Womit sollte sich der Arzt denn stärker identifizieren?
- mit den Missständen und Verschwendungen bei den Wiener Linien, die eben vom Rechnungshof aufgezeigt wurden?
- mit der Kostenexplosion beim Neubau des Spitals Nord?
- mit dem eigenartigen Immobiliendeal bei der Wiener Semmelweißklinik und dem Verdacht auf Geldwäsche?
- mit dem geplatzten Immobiliendeal und den Millionenverlusten für den KAV durch Rückabwicklung von Verträgen beim Otto-Wagner-Areal?
- oder gar mit den Zuständen in manchen Wiener Kindergärten, denn auch die berühren das Gesamtinteresse der Stadt Wien?
- oder soll er sich womöglich mit jenen zwei Sozialwohnungen identifizieren, die der Leiter des Krankenanstaltenverbunds, Udo Janßen, für sich beansprucht hat bis sie publik geworden sind?
Die Liste kann von jedem Interessierten beliebig fortgesetzt werden.
Und umgekehrt: Beeinträchtigt der Mangel an Identifikation mit den Gesamtinteressen der Stadt Wien die Fähigkeit des Arztes, seinen Patienten die best mögliche medizinische Betreuung zukommen zu lassen? Wären seine Therapien erfolgreicher, wäre die Identifikation stärker? Könnte er den Erkrankten besser helfen?

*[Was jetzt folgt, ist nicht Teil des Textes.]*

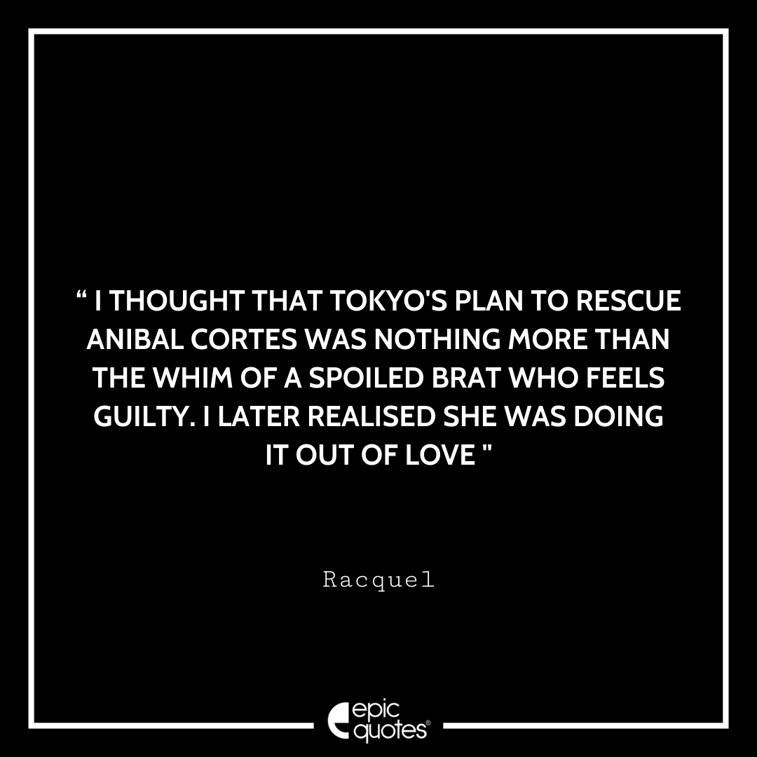 10 I thought that Tokyo’s plan to rescue Anibal Cortes was nothing more than the whim of a spoiled brat who feels guilty. I later realised she was doing it out of love. -Racquel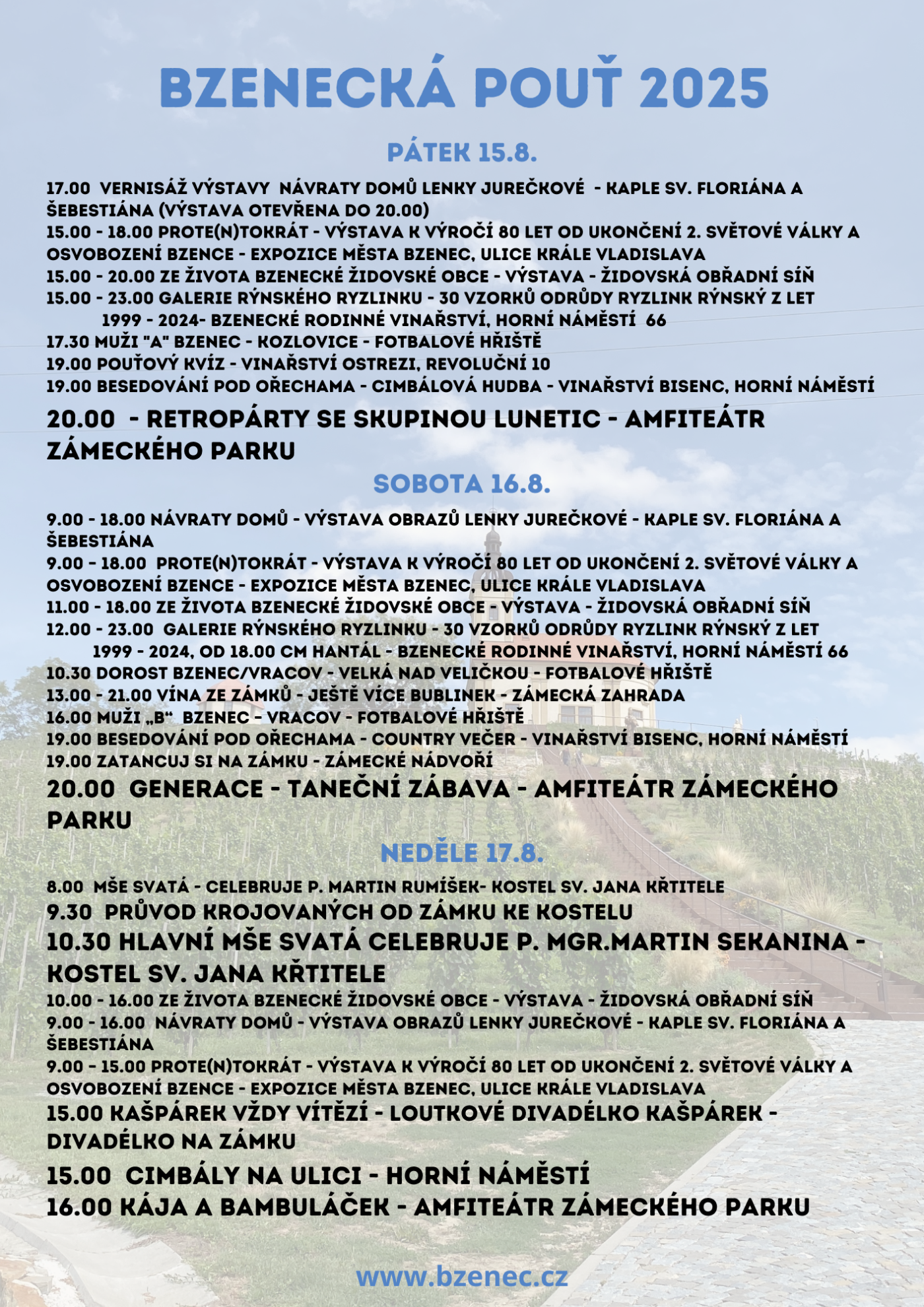 15:00 - 18:00 Prote(n)tokrát - výstava k výročí 80 let od ukončení 2. světové války a osvobození Bzence (expozice města Bzenec, ul. Krále Vladislava),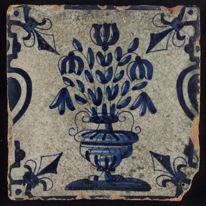 Tegel, bloempot in blauw op wit, hoekmotief franse l...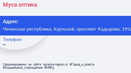 Муса, оптика по адресу Чеченская республика, Курчалой, проспект Кадырова, 195а в дальнейшем Организация, размещена в следующих категориях: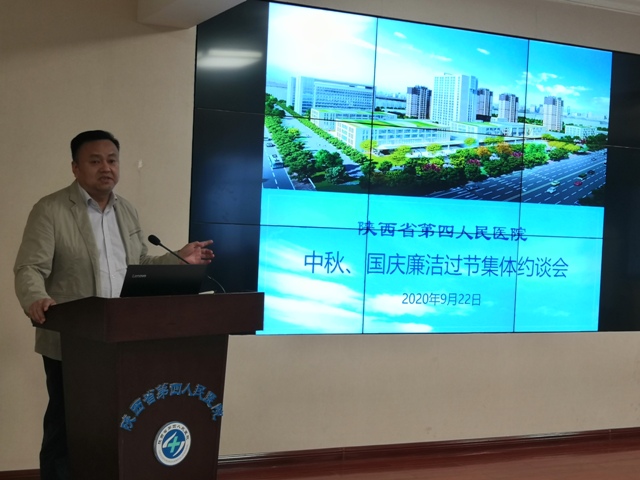 2020年中秋、国庆节将至,为深入贯彻落实中央八项规定精神,扎实开展好第三个纪律教育学习宣传月活动,持之以恒纠正“四风”,9月22日下午,医院组织召开了中秋国庆廉洁过节集体谈话会,会议由院长贾延主持。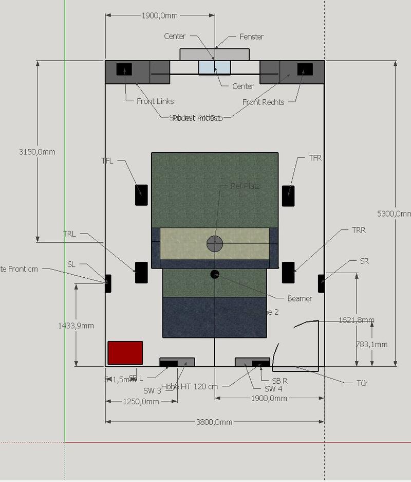 Sicherlich ist das keine High-End Lösung. Ich wollte aber an jeder Postion den gleichen Lautsprecher. Sobald ich eine akustisch Transparente Leinwand habe kommt der Center auch noch etwas höher und alle Lautsprecher sind fast auf Ohrhöhe ( +/- 5 cm ).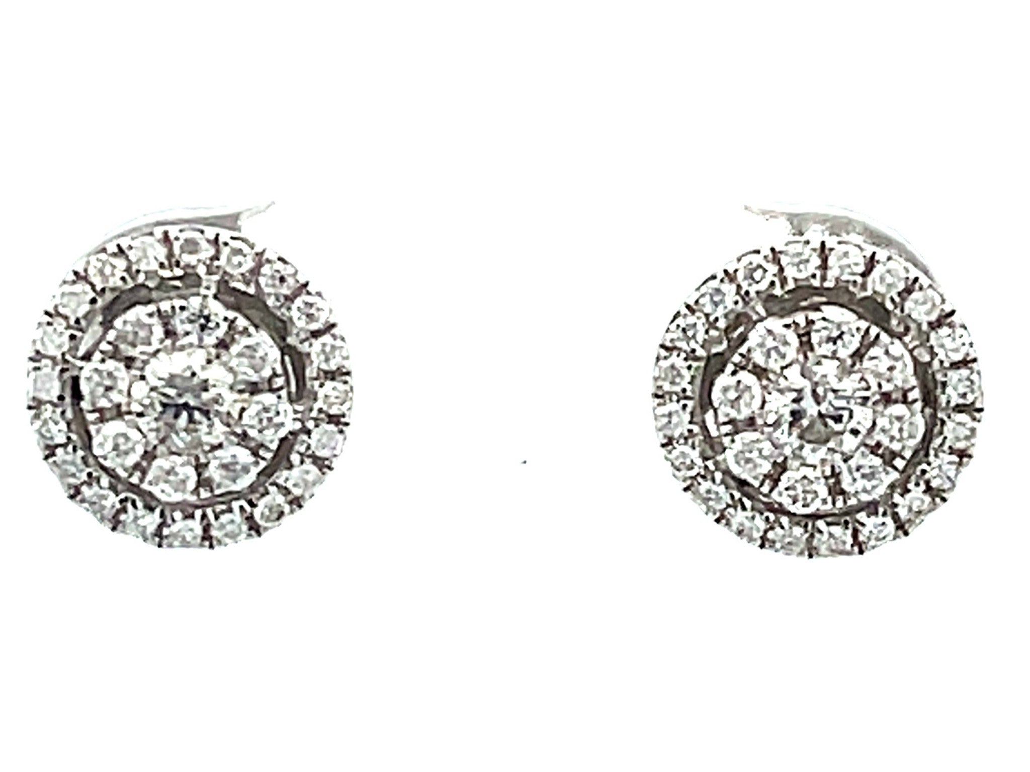 Earrings Specifications:Metal: 14k White GoldEarring Diameter: 8.76 mmTotal Weight: 2.4 GramsDiamonds: 58Setting: ProngDiamond Color: G-HDiamond Clarity: VS-SI1Carat Weight: 0.50 caratsCondition: Preowned100% Authentic. Please ask all questions before bidding or making a best offer.  International Bidders please contact us...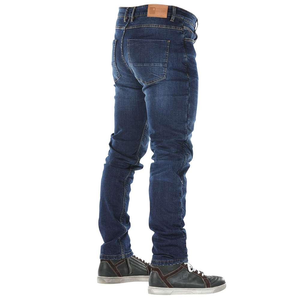 El vaquero Monza CE homologado para moto dispone de un corte ajustado y elástico. Ideal para los urbanitas en sus trayectos diarios. Los 2 bolsillos laterales con cremallera al nivel de las rodillas son prácticos para meter y quitar fácilmente las protecciones. Homologado CE y dispone de un forro reforzado en fibras de aramida/Coolmax y de protecciones para rodillas y caderas.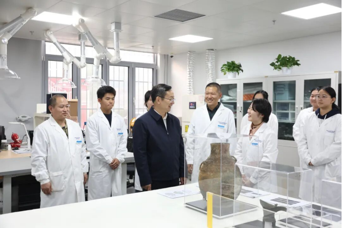 随后,高翔来到科技考古与文化遗产保护重点实验室,了解文物保护修复、科技考古创新等情况,同科研人员深入交谈。他指出,中国自古以来就是统一的多民族国家。党的二十届四中全会对深入实施中华优秀传统文化传承发展工程,推动文化遗产系统性?;さ茸鞒鲋匾渴?。发掘历史、传承文明是考古工作的神圣使命,考古工作者必须始终站在捍卫国家统一、实证中华民族多元一体的角度开展研究,不断提高文物研究阐释能力,加快构建中国考古学自主知识体系。要加大科技考古力度,深化多学科交叉融合,创新科研组织方式和研究范式,做好考古学研究与人工智能技术的结合,建设好、发展好科技考古与文化遗产保护重点实验室,传承好、发扬好中华优秀传统文化。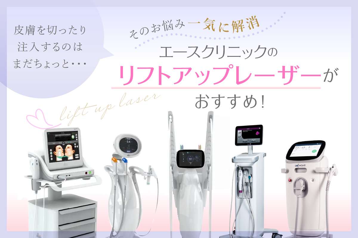 長年の経験と実績から、お客様一人ひとりの肌質やお悩みに合わせた最適なエイジングケア方法を提案できるのがエースクリニック大阪梅田HEPナビオ院の強みです。レーザー治療をはじめ、注入療法、機器を用いた施術など、さまざまな治療メニューを用意しています。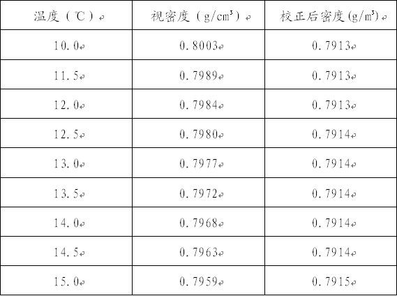正文:按GB4472-84《化工產(chǎn)品密度、相對密度測定通則》中2.3.3的規(guī)定和GB/T338-92《工業(yè)甲醇》,在常溫下進行測定。密度計的視值范圍為0.750~0.800g/cm3。在15~35℃的溫度范圍內(nèi),試樣密度的溫度校正系數(shù)K值為0.00093 g/cm3℃。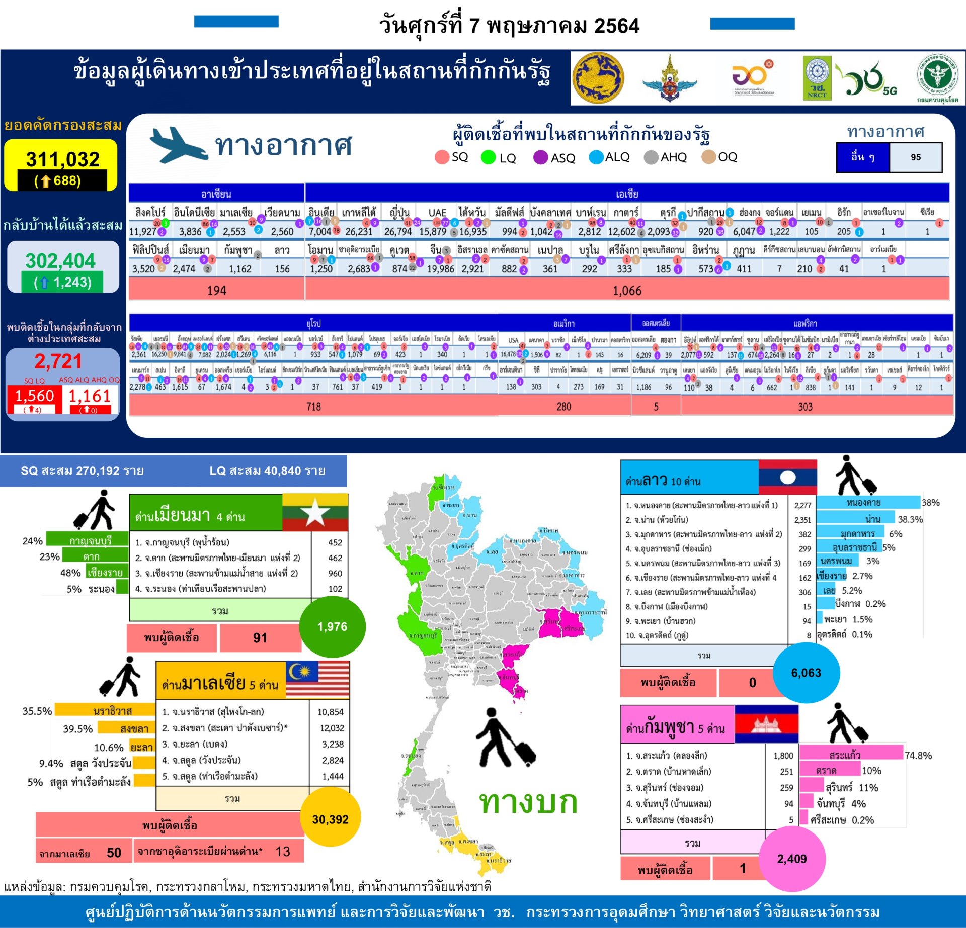 - ไทยมียอดผู้ติดเชื้อสะสมอยู่ที่อันดับ 98 และยอดผู้เสียชีวิตอยู่ที่อันดับ 121 ของโลก

Erstaunlich ist nur, dass nach Bekanntwerden der Kündigung des Vertrages für Gernot Rainer nicht alle Ärzte der Gemeindespitäler (besser noch: alle der Wiener Spitäler), die dienstfrei hatten, nicht vor dem Ratshaus im Protest aufmarschiert sind. Nicht nur aus Solidarität für einen Arzt mit ausgezeichneter Dienstbeschreibung, sondern auch aus reinem Eigennutz: mangelnde Identifikation mit irgendwas kann jedem/jeder von ihnen jederzeit aus jedem fadenscheinigen Grund vorgeworfen werden. Mit einer solchen Begründung kann jeder/jede mundtot gemacht werden. Verstehen die Ärzte nicht, welchen Druck auch sie einmal ausgesetzt werden können? So viel Feigheit unter Akademikern ist schon verblüffend.
Weniger erstaunlich das Schweigen der Grünen im Rathaus. Sie haben ihre früheren Kernkompetenzen wie Protest, Freiheit, Selbstbestimmung, Demokratie etc. beim Rathaus-Eingang schon vor Jahren abgegeben. Ob sich die Bundespartei dafür geniert, ist nicht überliefert.